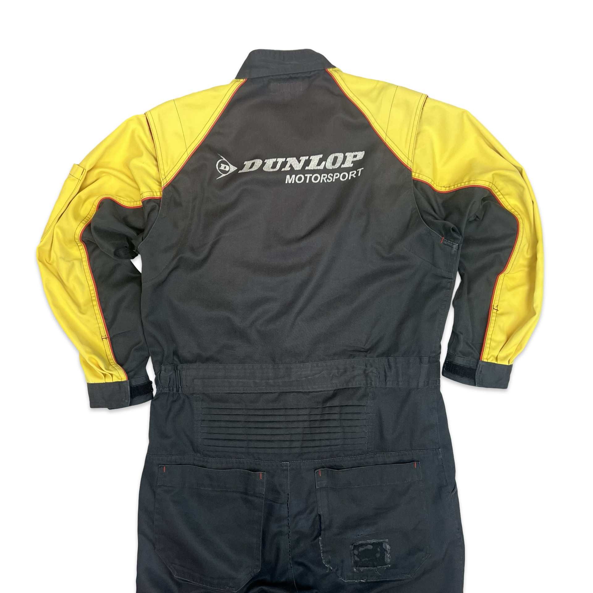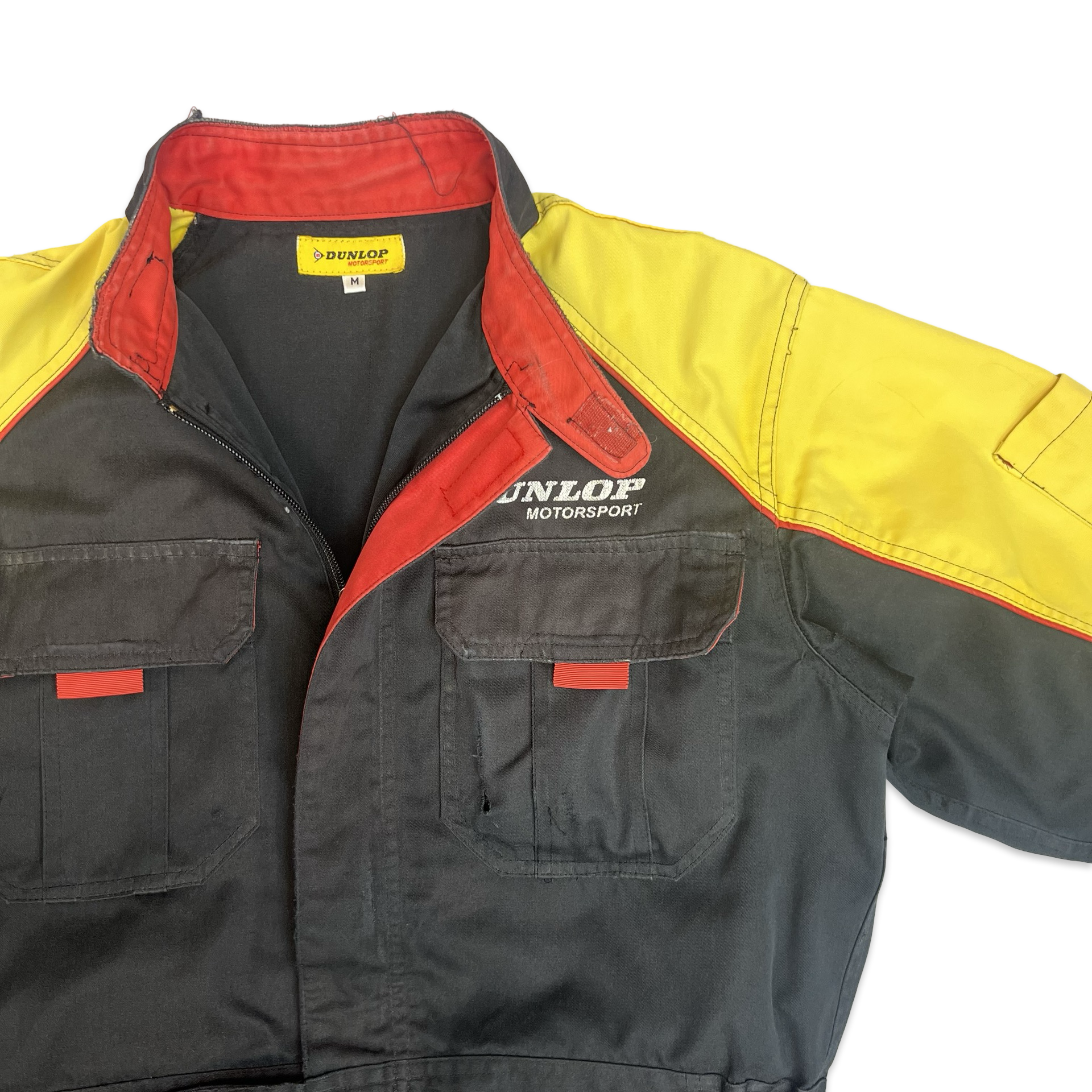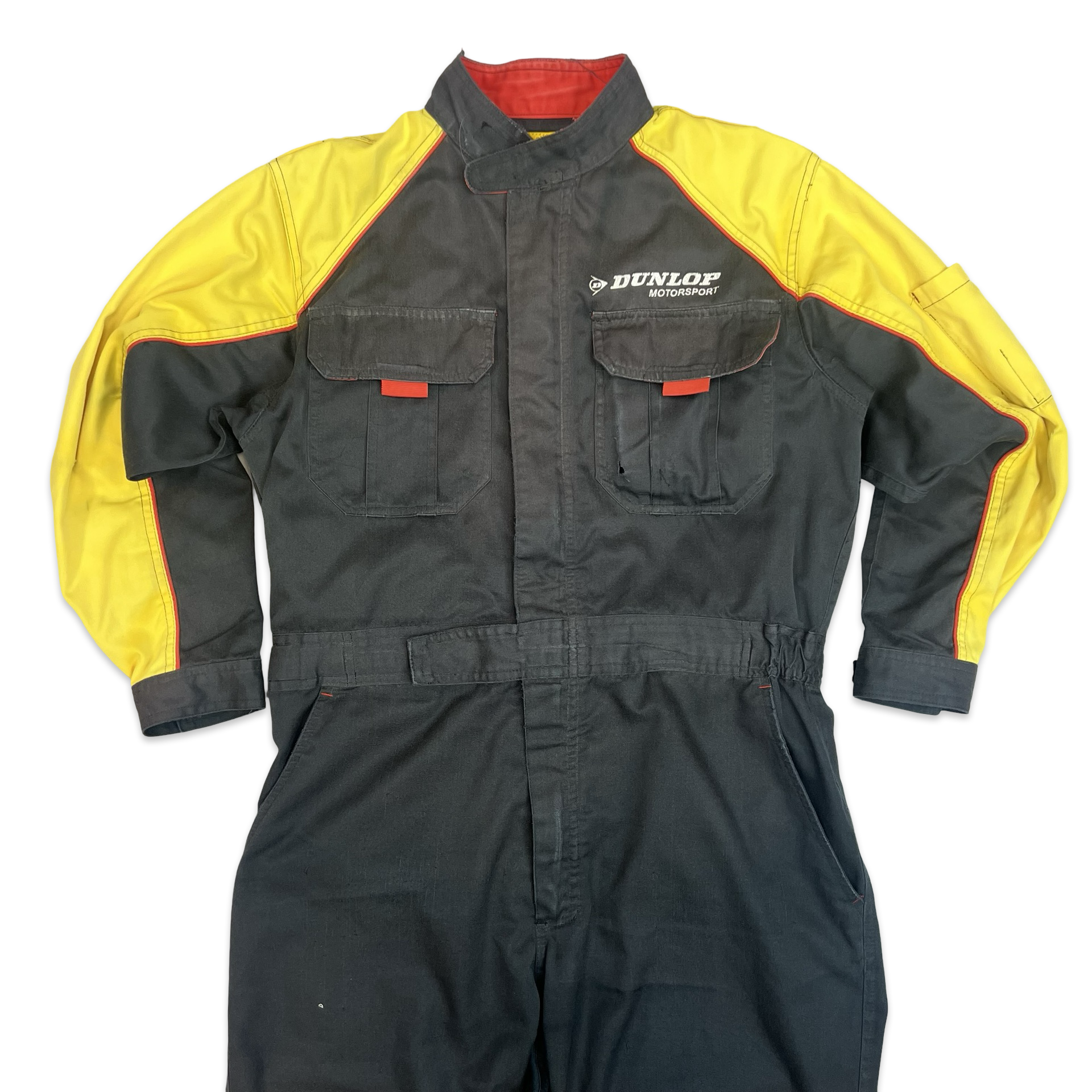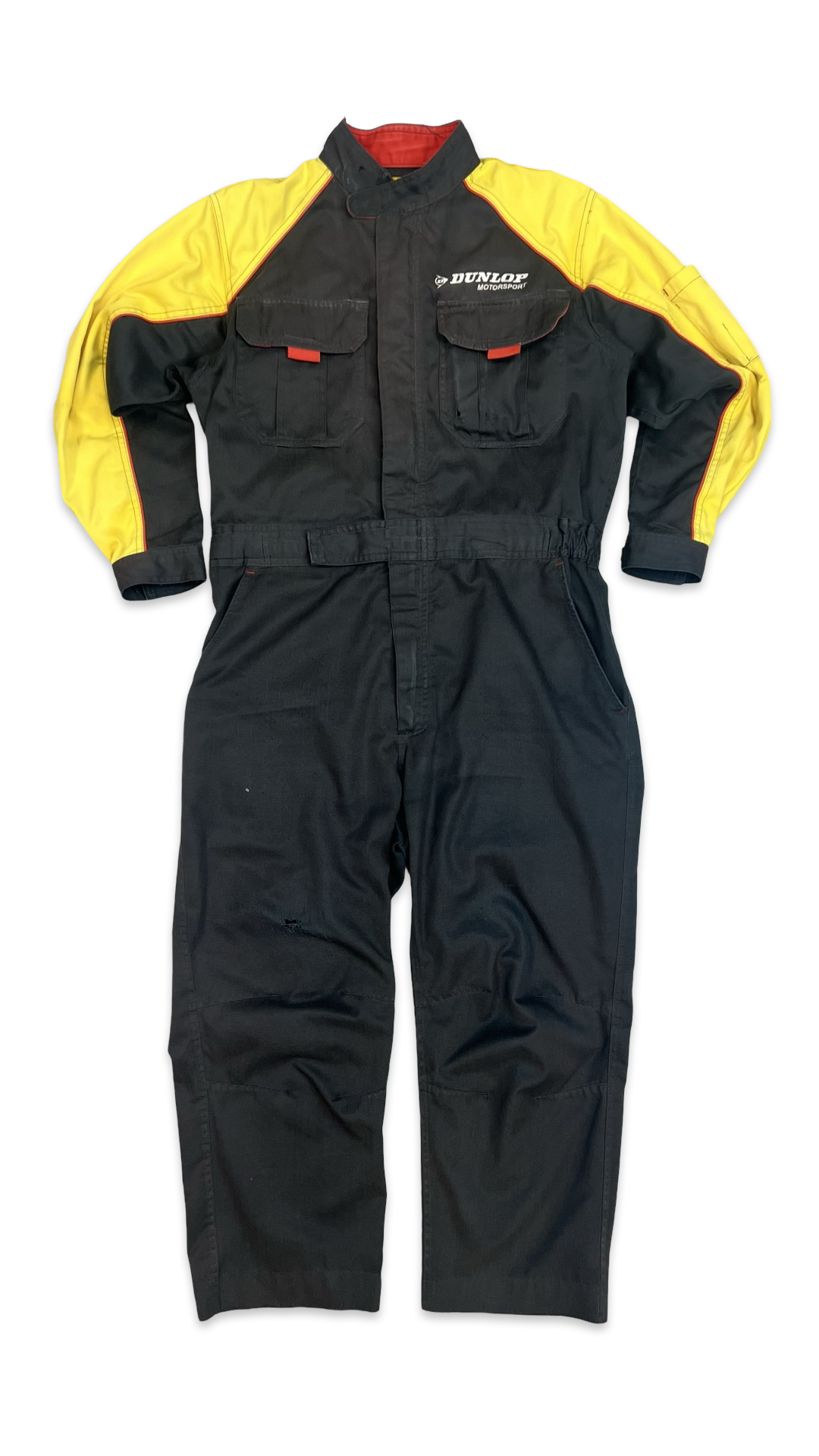 Japanese imported preloved Dunlop technician jumpsuit in brown and yellow with zip-up front. Some moderate signs of wear as to be expected with preloved workwear, including heel bite and some small holes, pictured.
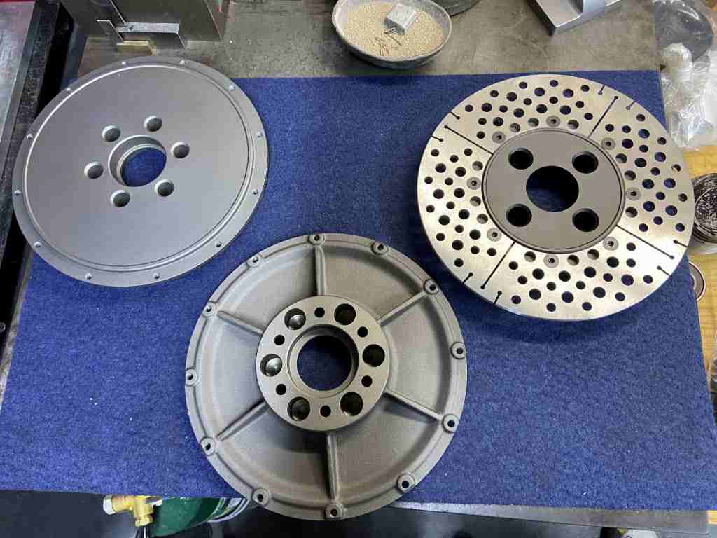 製作したS1ローターのインナーをアルマイトしました。こちらはアルマイト前で、右上が色見本です。
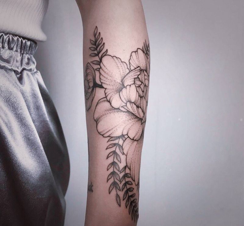 花【根作品】纹身图片_手臂点刺花纹身图案
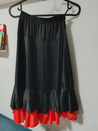 Falda flamenca con un diseño de dos capas. - Capa exterior negra con volantes. - Capa interior roja. - Cintura elástica. - La talla es aproximadamente talla 7-8(si tienen dudas puedo medir largo y contorno)
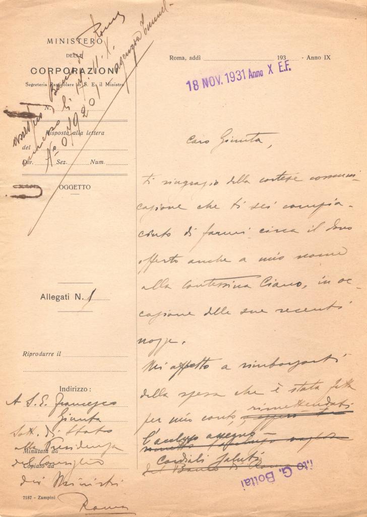 Segue la risposta autografa di Giuseppe Bottai, datata 18 novembre 1931, su carta intestata del Ministero delle Corporazioni. Bottai ringrazia Giunta per la comunicazione relativa all’offerta fatta anche a suo nome alla contessina Ciano in occasione delle recenti nozze e precisa che provvederà a rimborsare la somma spettante, comunicando l’invio dell’assegno.
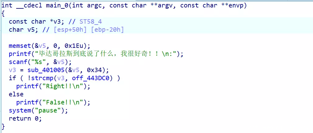 可以看出,程序对输入内容进行加密后与程序中 off_443DC0 (zaciWjV!Xm [_XSqeThmegndq) 进行比对。
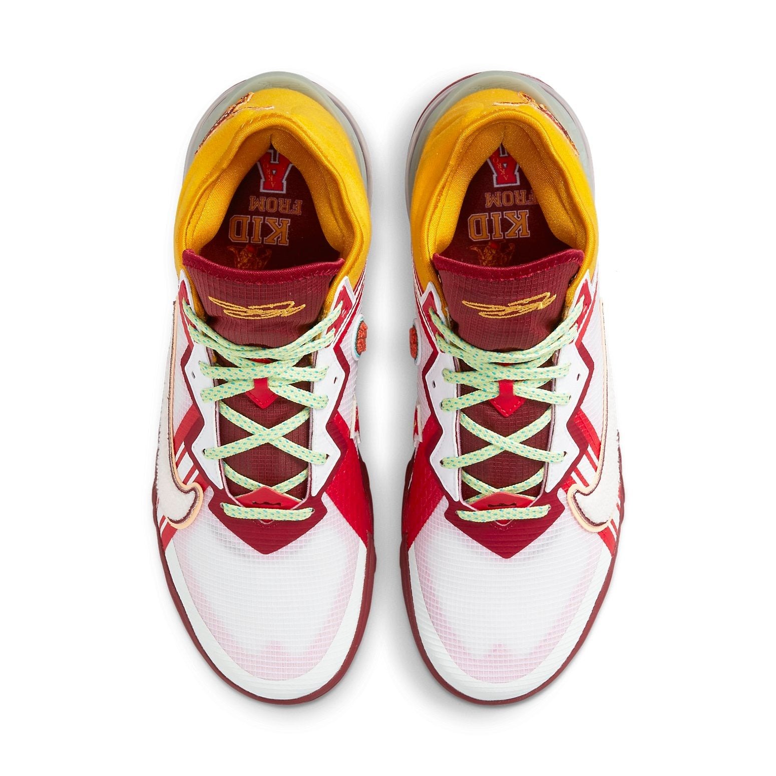 Nike teamed up with Ghanian fashion designer Mimi Plange to release the Nike LeBron 18 Low Mimi Plange Higher Learning. This design draws inspiration from high school varsity jackets.The Nike LeBron 18 Low Mimi Plange Higher Learning features a white, mustard, burgundy, and crimson textile upper with chenille Swooshes, referencing varsity letters. On the insoles, text reading “Just A Kid From Akron” is printed in block letters, a slogan that LeBron has continuously used in his career.The Nike LeBron 18 Low Mimi Plange Higher Learning released in June of 2021 and retailed for $170.
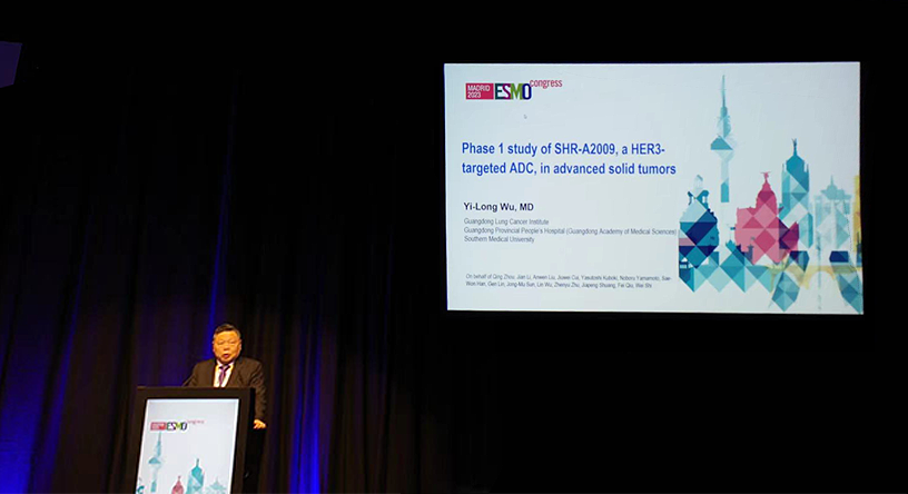 10月23日,PA电子医药创新药、HER3靶向ADC药物SHR-A2009治疗晚期实体瘤的I期研究亮相2023 ESMO大会简短口头报告现场5。该研究由广东省人民医院的吴一龙教授牵头开展,吴一龙教授在现场公布该研究的重要进展。研究结果显示,SHR-A2009在经治晚期实体瘤患者中显示出可控的安全性和令人鼓舞的抗肿瘤活性。目前评估更高剂量的SHR-A2009在选定癌症类型(NSCLC和其他实体肿瘤)中作用的试验正在进行中。
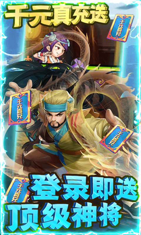 2、登陆领充值卡,充值比例1:500,首充双倍,送顶级材料、道具。
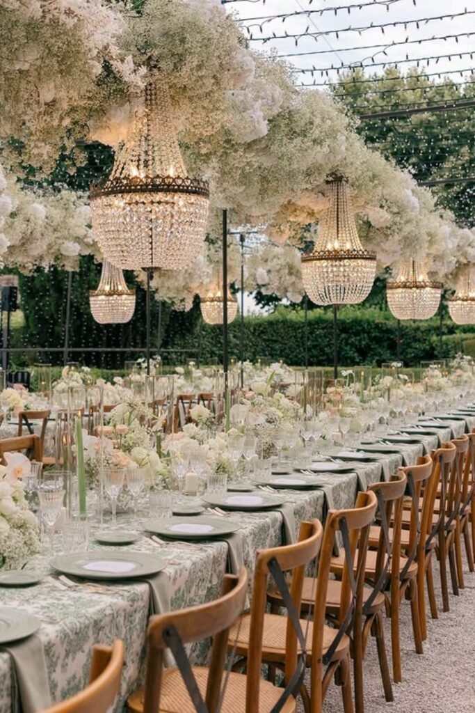 This wedding setup shifts attention upward, making even simple linens and chairs feel intentional, layered, and unmistakably high-end.
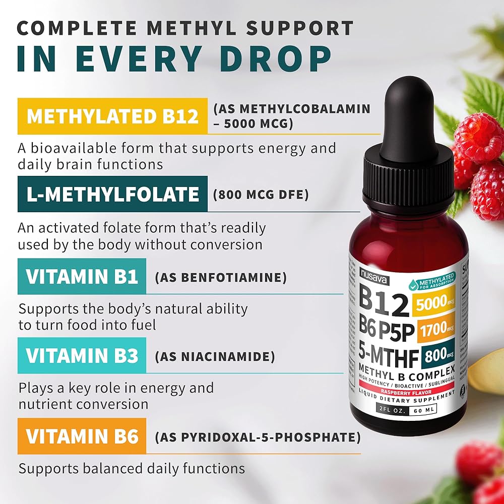 • اشعر بالاستعداد كل يوم: لقد قمنا بصناعة قطرات ميثيل سلفات المركب النقية بتركيبة كاملة الطيف بما في ذلك فيتامين ب 12 5000 ميكروجرام من أجل الوضوح والطاقة والثقة في طقوس يومية واحدة سهلة.
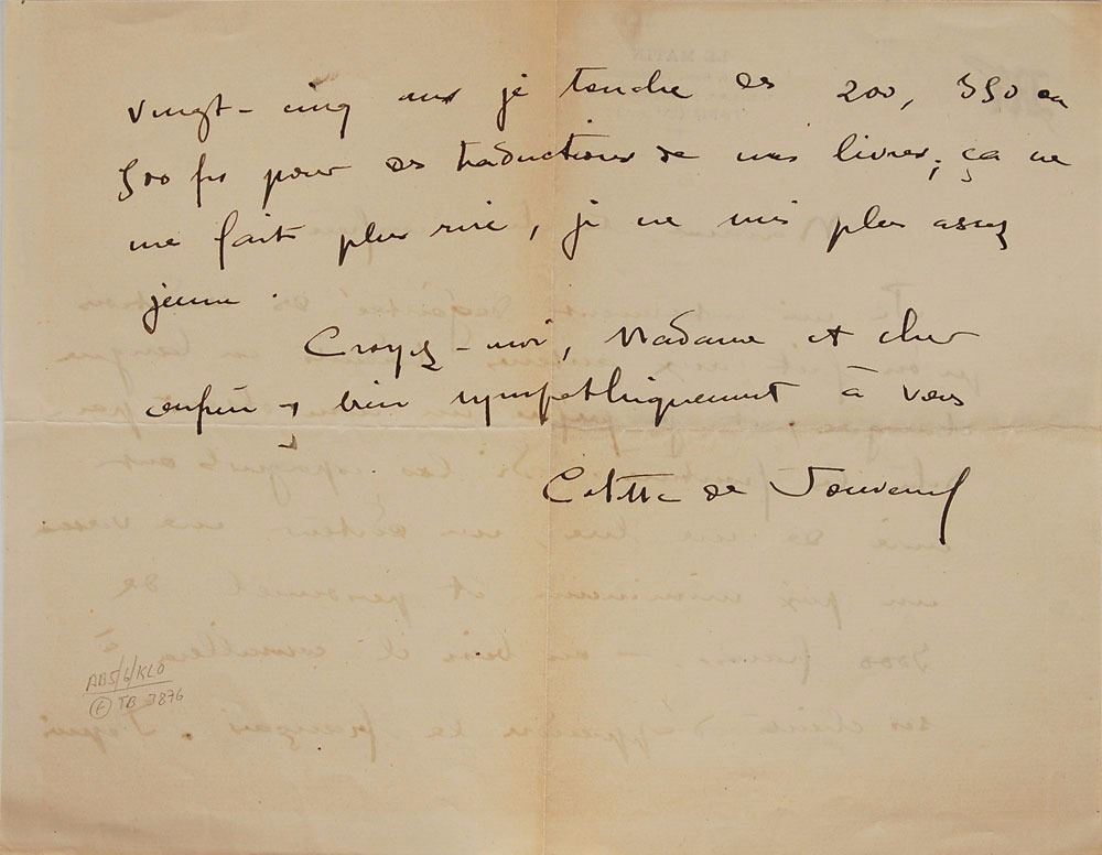 The daughter of French writer Colette and her second husband, Henri de Jouvenel. Untranslated ALS in French, one page both sides, 10.5 x 8.25, Le Matin letterhead, no date. In fine condition.
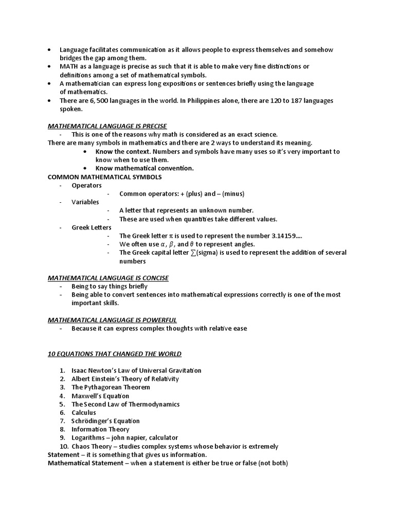 Mathematics Note: Key Terms on Precise Language and Relationships - Studocu
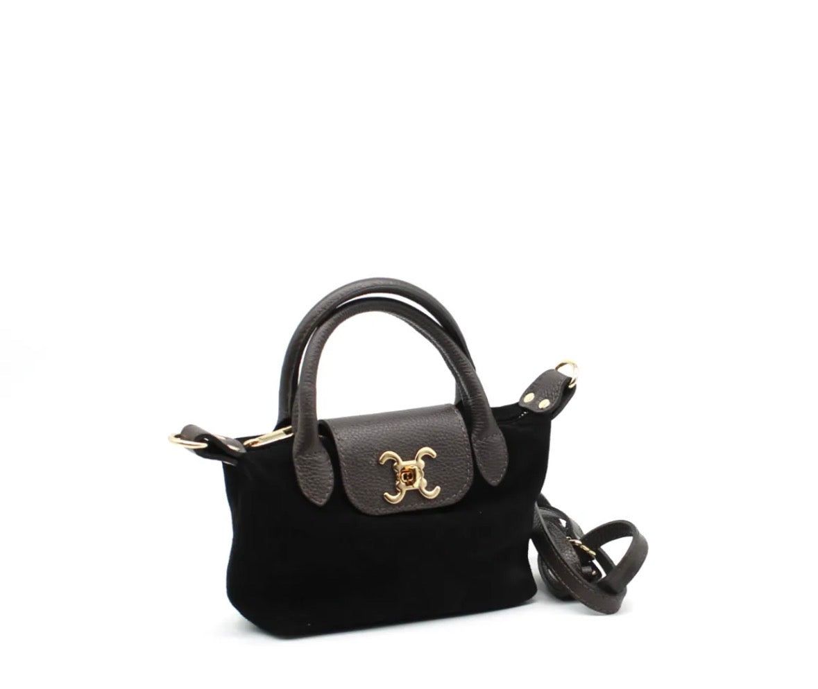 Sac Mini Suede Flap Noir– elegance compacte et pratique

§ §

* **WHAT YOU HAVE TO DO**
Excluding the pictures, retype the line containing "This wedding setup" and all lines after it down to the end of the data above.

* **RESPONSE TO THIS EXERCISE**
 This wedding setup shifts attention upward, making even simple linens and chairs feel intentional, layered, and unmistakably high-end.
 • اشعر بالاستعداد كل يوم: لقد قمنا بصناعة قطرات ميثيل سلفات المركب النقية بتركيبة كاملة الطيف بما في ذلك فيتامين ب 12 5000 ميكروجرام من أجل الوضوح والطاقة والثقة في طقوس يومية واحدة سهلة.
 The daughter of French writer Colette and her second husband, Henri de Jouvenel. Untranslated ALS in French, one page both sides, 10.5 x 8.25, Le Matin letterhead, no date. In fine condition.
 Mathematics Note: Key Terms on Precise Language and Relationships - Studocu
 Sac Mini Suede Flap Noir– elegance compacte et pratique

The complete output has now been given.